Suppose $N(\zeta) = \pm p^2$. Now $N(\eta) = \pm 1$, so that (by Theorem 7.3) $\eta$ is a unit. (In Theorem 7.9 we saw that the units in $\mathbb{Z}[\sqrt{2}]$ have the form $\pm(1+\sqrt{2})^k$ where $k \in \mathbb{Z}$.) Thus $\zeta$ is an associate of $p$ in $\mathbb{Z}[\sqrt{2}]$. We claim that in this case, there does not exist a solution $(h,k)$ of the equation $h^2 - 2k^2 = \pm p$. If so, then $\pm p = (h+k\sqrt{2})(h-k\sqrt{2})$. But since $\pm p$ is irreducible, either $h+k\sqrt{2}$ or $h-k\sqrt{2}$ is a unit- so $p = \pm 1$, a contradiction.

In summary, if $\zeta = a+b\sqrt{2}$ is irreducible in $\mathbb{Z}[\sqrt{2}]$, then either (1) $N(\zeta) = \pm p$ is a rational prime or (2) $N(\zeta) = \pm p^2$ is the square of a rational prime and the equations $h^2-2k^2 = \pm p$ have no solutions $(h,k)$ in $\mathbb{Z}$.

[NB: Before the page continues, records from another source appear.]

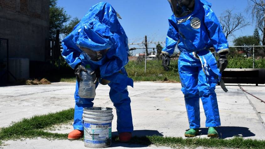 Gabriel Mateos, instructor del Infospe, explicó que el objetivo es que el personal se familiarice con los protocolos de seguridad y el equipo necesario para abordar este tipo de situaciones.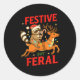 Festive But Feral Funny Christmas Raccoon Riding R Classic Round Sticker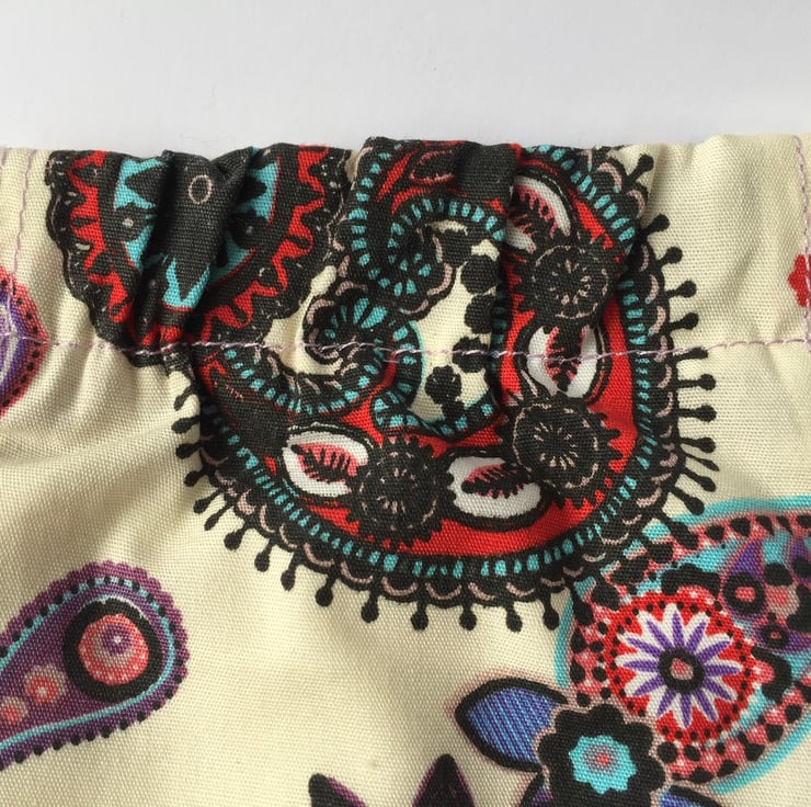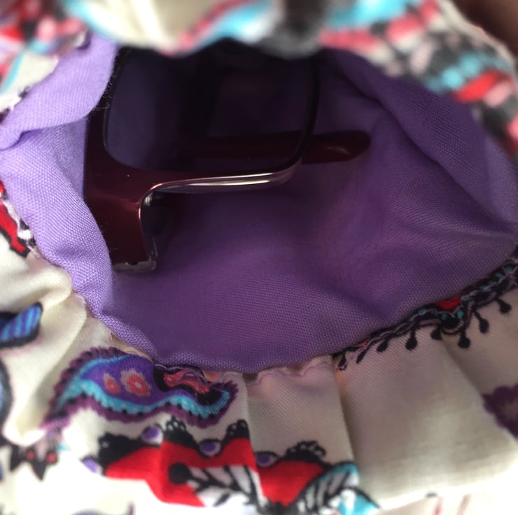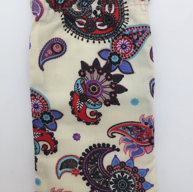 Fabric glasses case in a fresh paisley design. The case is fully lined in a purple cotton and internal padding gives protection to spectacles or sunglasses. A flex frame has been used so you just need to pinch the sides to open the case and release to close.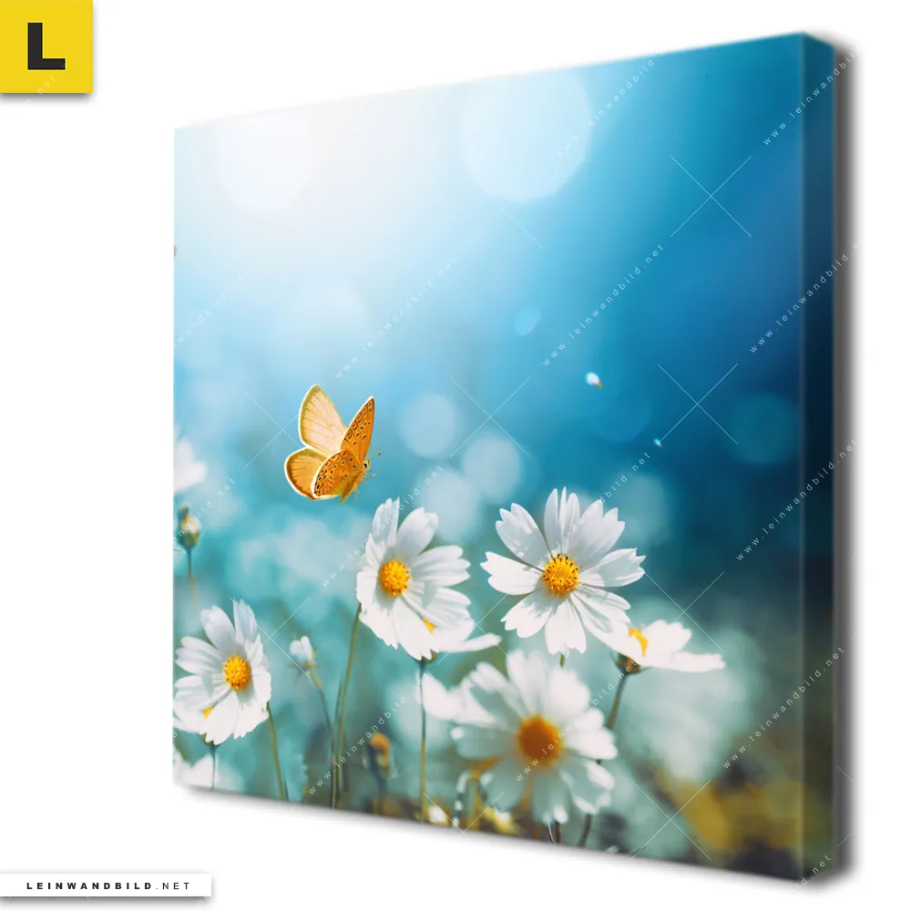Du konfigurierst Dein individuelles Leinwandbild | Sommerwiese mit Schmetterlingen | Quadrat und wir produzieren es NEU für Dich. Unsere Landschaften, Blumen - Botanik Leinwände sind KEINE Lagerware. Du bist Dir unsicher, welches Motiv oder Format das richtige für dein individuelles Keilrahmenbild ist, dann helfen wir dir gerne weiter und beraten dich!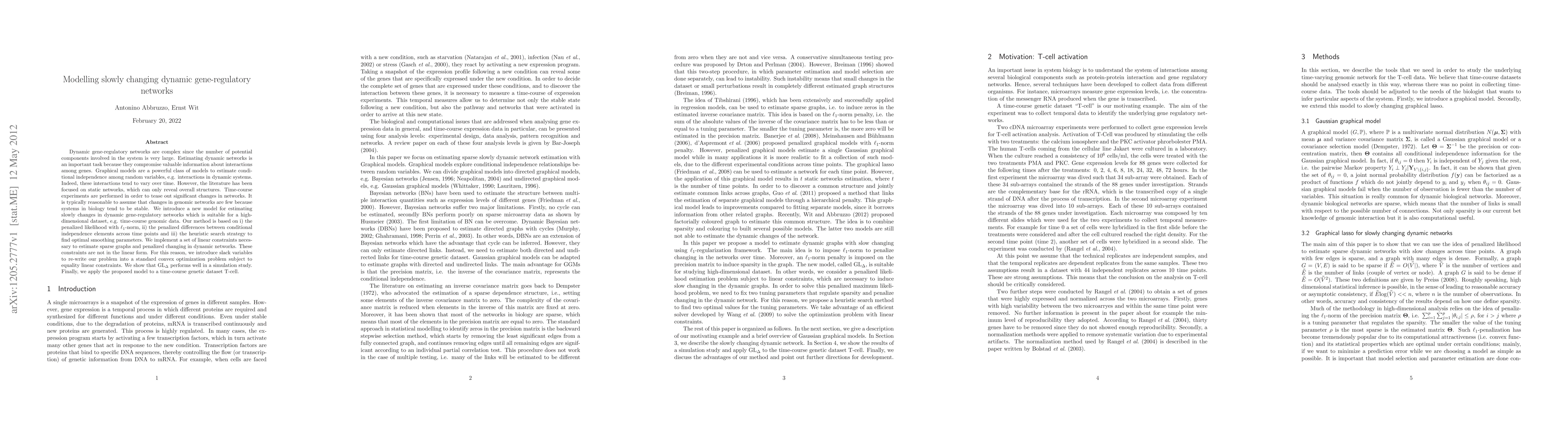 This paper introduces a new model for estimating slowly changing dynamic gene-regulatory networks from high-dimensional time-course genomic data, using a combination of penalized likelihood and heuristic search strategy.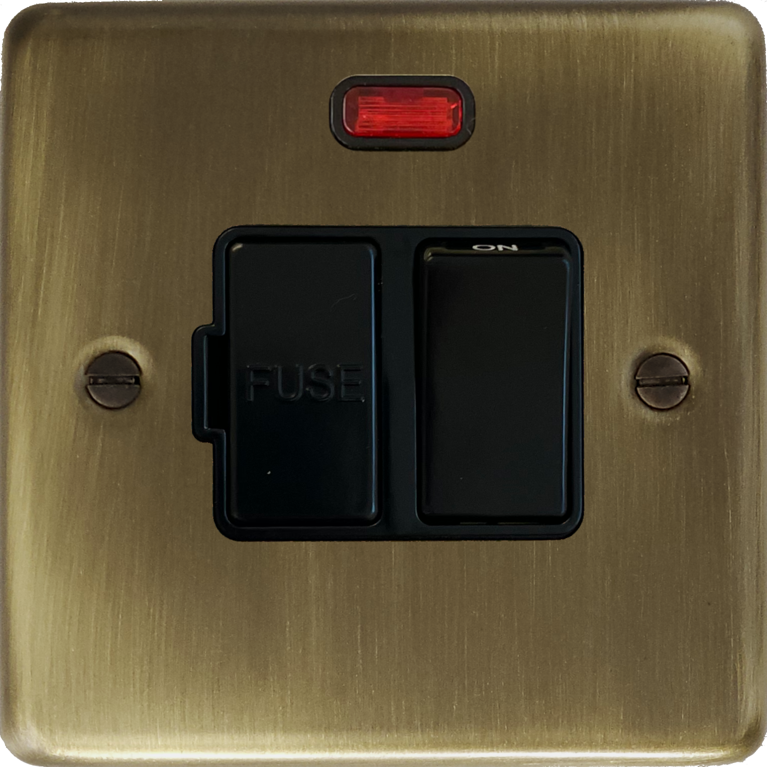 Antique Brass Switched Fused Spur with Neon (Black Switch) - G+H CAB27B
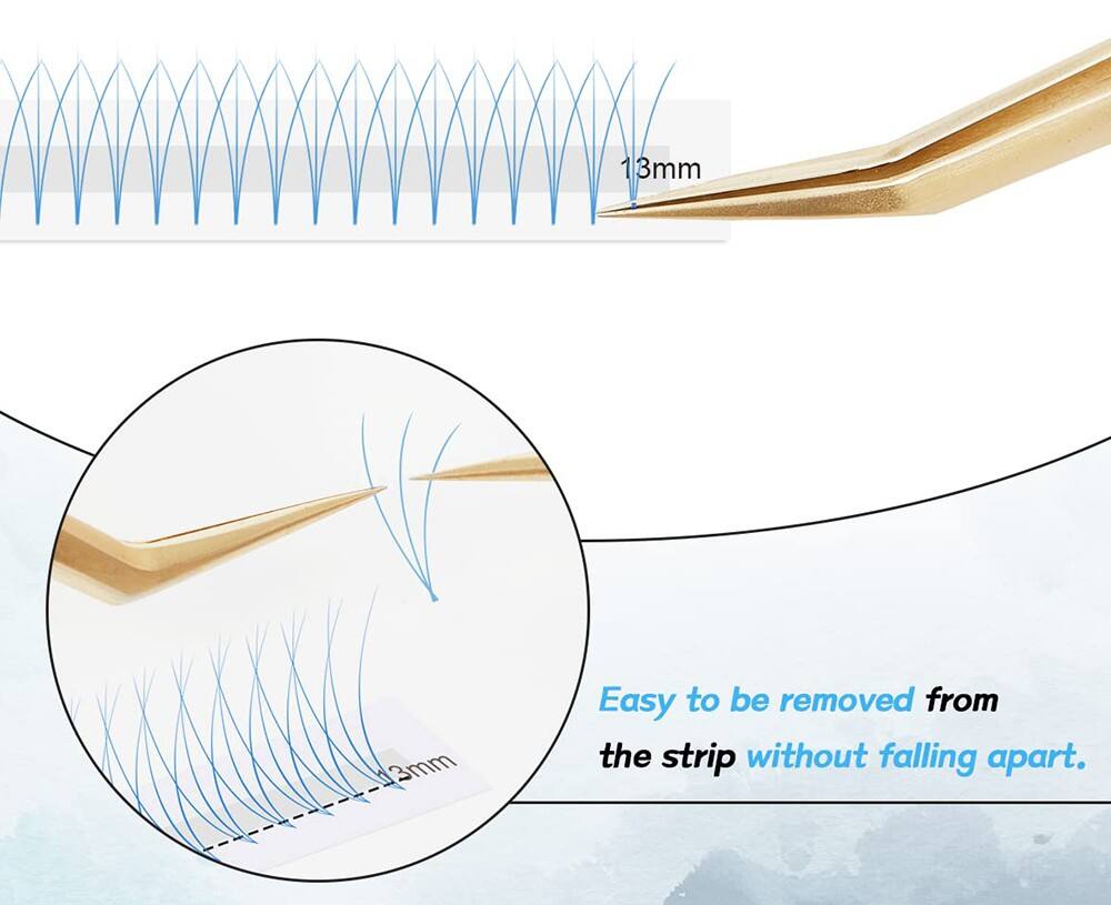 3.Middle Part Premade Fans Are Easier To Pick Up: The middle part of the premade fans eyelash extensions instead of the bottom was taped to the strip, the premade lash fans can be picked up more easily from the base, which helps you avoid falling apart caused by improper operation during lash extensions application.

Conversely, if $N(\zeta) = p$ is prime, then $\zeta$ is irreducible. If $N(\zeta = \pm p^2$ where $p$ is a rational prime and if $h^2-2k^2 = \pm p$ has no solution, then no element of $\mathbb{Z}[\sqrt{2}]$ has norm $\pm p$, so that $\zeta$ is irreducible.